As Heaven Turns to Ash (Southern Lord)
by Craig Regala

DOOM, Doom, doom. Warhorse abstract the metallurgical European rootage farther from the post-blues rock that informed early Sabbath (as they created the form), Cathedral, St. Vitus, and recently, Sons of Otis and Sloth. They build a Gothicly melodramatic edifice of pensive, cleanly-picked intros to house walls of churning trudge and gritty, guttural, speak-singing. The words ally themselves with the music, setting the concept/theme if you will. That being doom, doom, doom. To chuck this in the Trouble, Sleep, Eyehategod, Crowbar, Electric Wizard corner is right and sensible – as the band themselves have noted. Warhorse’s shifting and crushing, uh, tunes move forward on the struggling trudge groove so beloved by me and many other of the finest people. Enough melody/dynamic flavors the pulsing and pushing, which itself rolls along like a slow heartbeat rather than the dead crash/thud that informs so much of the “industrial” harshness of the past fifteen years. So the beats and rhythms carry the listener along as any good mantra does, groove not rut.

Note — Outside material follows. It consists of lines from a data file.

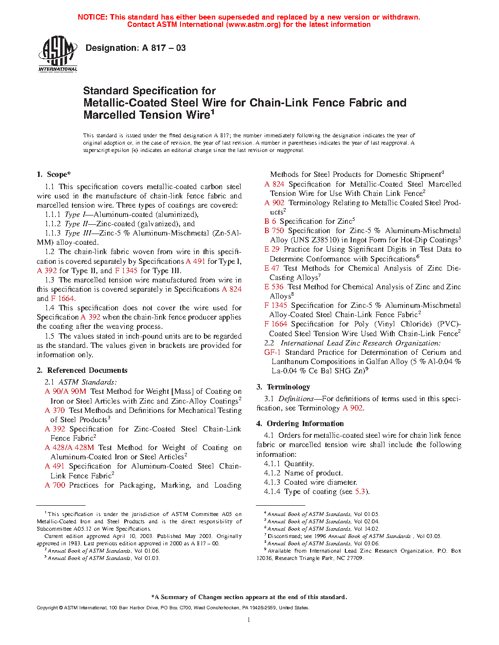 1.4 This specification does not cover the wire used for Specification A392 when the chain-link fence producer applies the coating after the weaving process.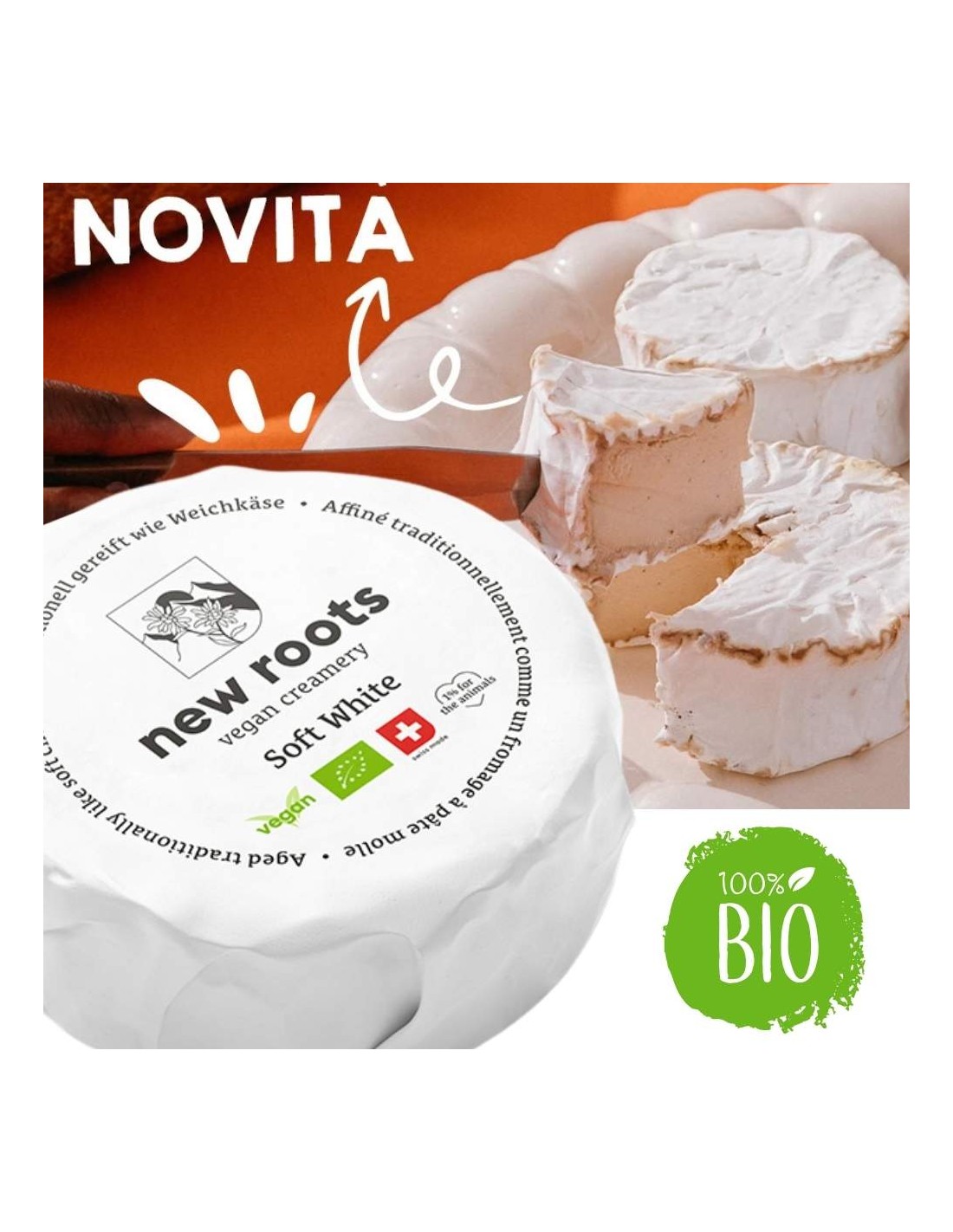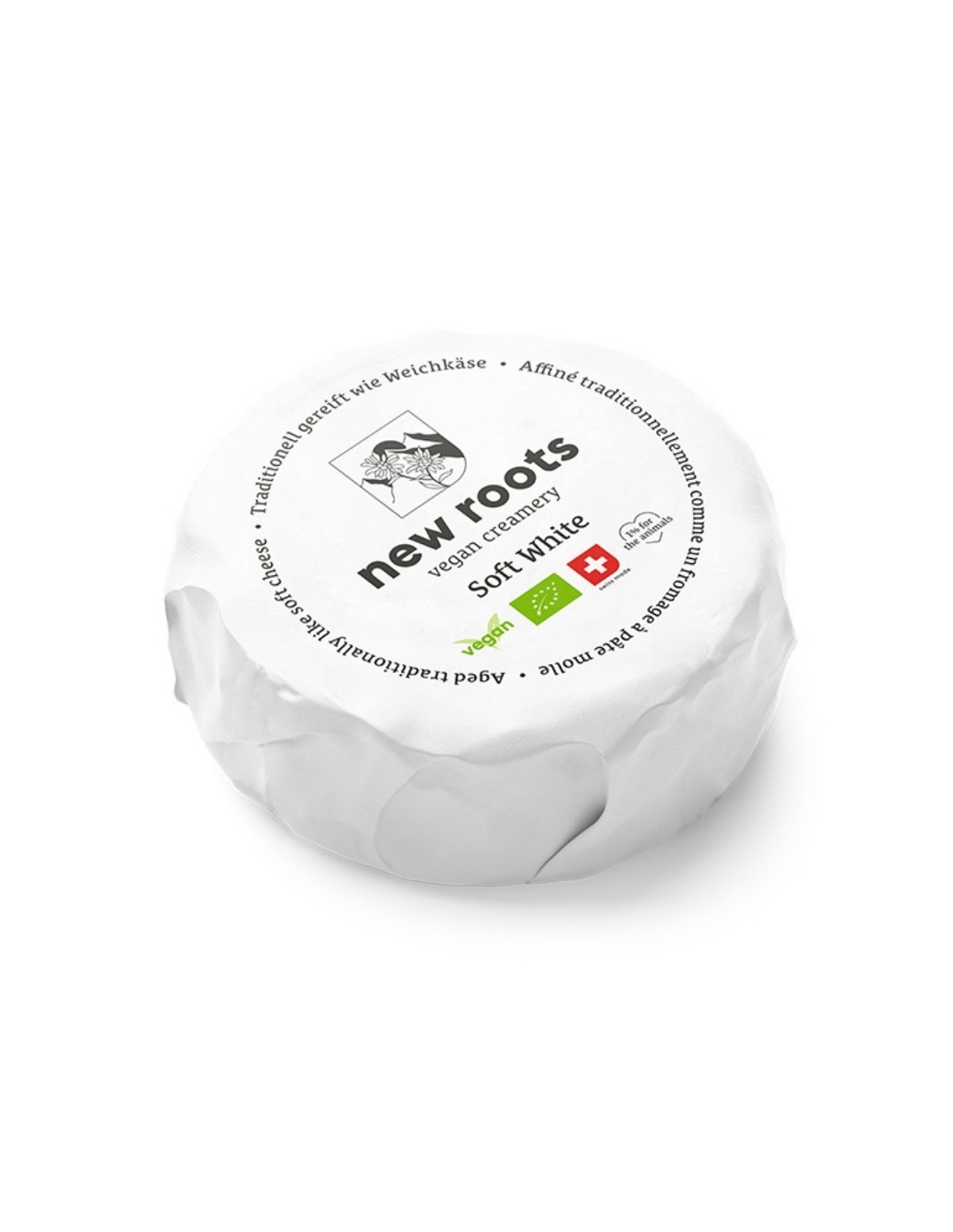 Il Soft White a Crosta Fiorita New Roots è una reinterpretazione contemporanea di uno dei grandi classici della tradizione europea. Prodotto in Svizzera a partire da anacardi biologici, viene fermentato e maturato per tre settimane secondo metodi ispirati alla lavorazione dei formaggi a crosta fiorita.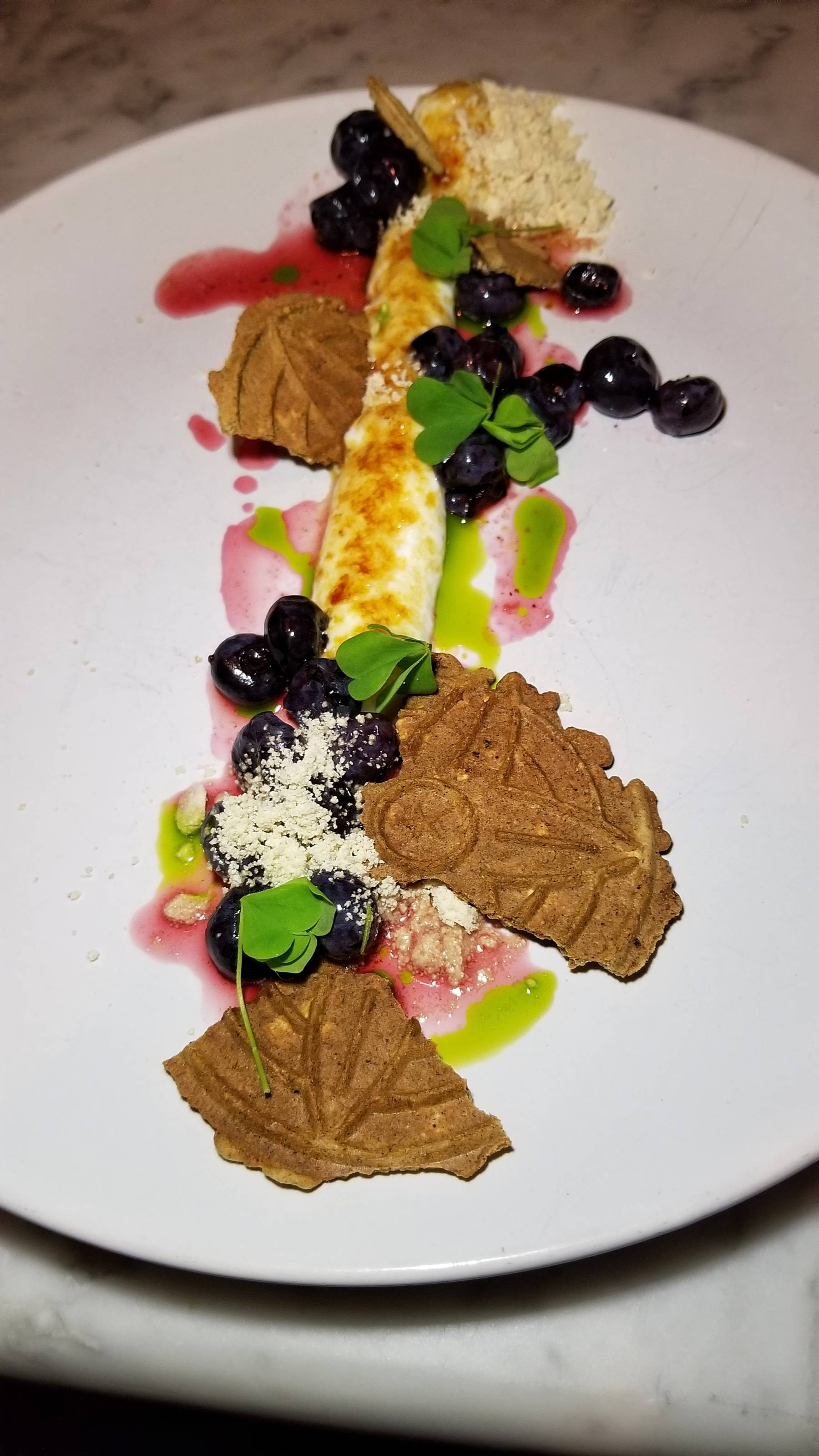It was time to transition to the sweeter side of things. The fifth course was a Brûléed Goat Rodeo Chèvre with savory pizzelle pieces, blueberry, thyme, and sesame. The final pairing was a Henriques & Henriques Boal 10 Year Madeiria from Portugal.
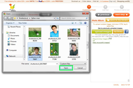 NOTE: If the image size, resolution or format is below our minimum requirements, you will receive an error message. Please rescan your image at a higher resolution or select another image. Please refer to our Image Requirements for more information.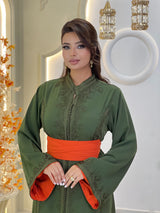 Confectionné en crêpe luxueux et orné de broderies géométriques délicates, ce modèle existe dans une superbe palette de couleurs, alliant sobriété et grâce intemporelle.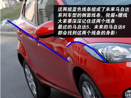 车身侧面,圆润翼子板加上硬朗的腰线,勾勒出马自达2简单的侧面轮廓,高高的腰线也让这款车有一种向前冲的感觉。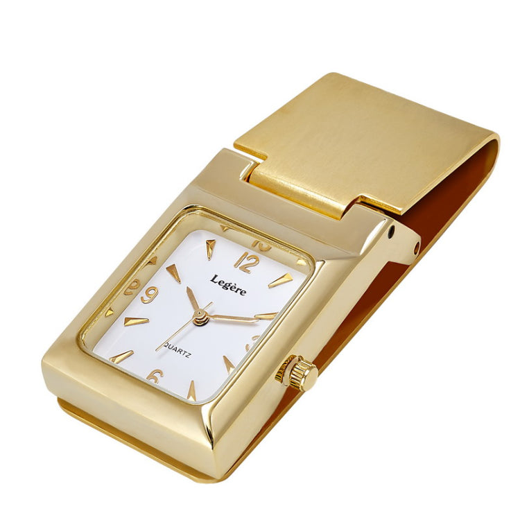 Gold Finish Square Face White Dial Hinged Watch Money Clip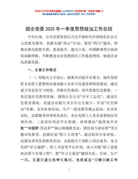 / 国企党委2025年一季度思想政治工作总结

What keeps Warhorse in the rock parameter is the basic set-up of guitar, bass and drums as tools and, of course, their desire to be part of an expressive continuum and musical history, which is the right thing to do. To depart from this disrupts the continuity of the physical response to emotions and makes the music conceptual/ intellectual and henceforth useless in rock terms. Having no impulse to act as a revival or retro-band places them in contemporary history as more than entertainment. If a band is going to be “extreme,” this is the way to do it. Or else the “extremism” can only terminate in a response to the audience or an idea (say as raw, modulated noise), rather than as rock music per say. That’s okay if that’s what you’re after, but it’s culturally groundless and derives its meaning elsewhere, as sound research, etcetera. Generally this is a shallow pursuit, all intellect and game-playing only functioning on the conscious level rather than the deeper subconscious where the music lives.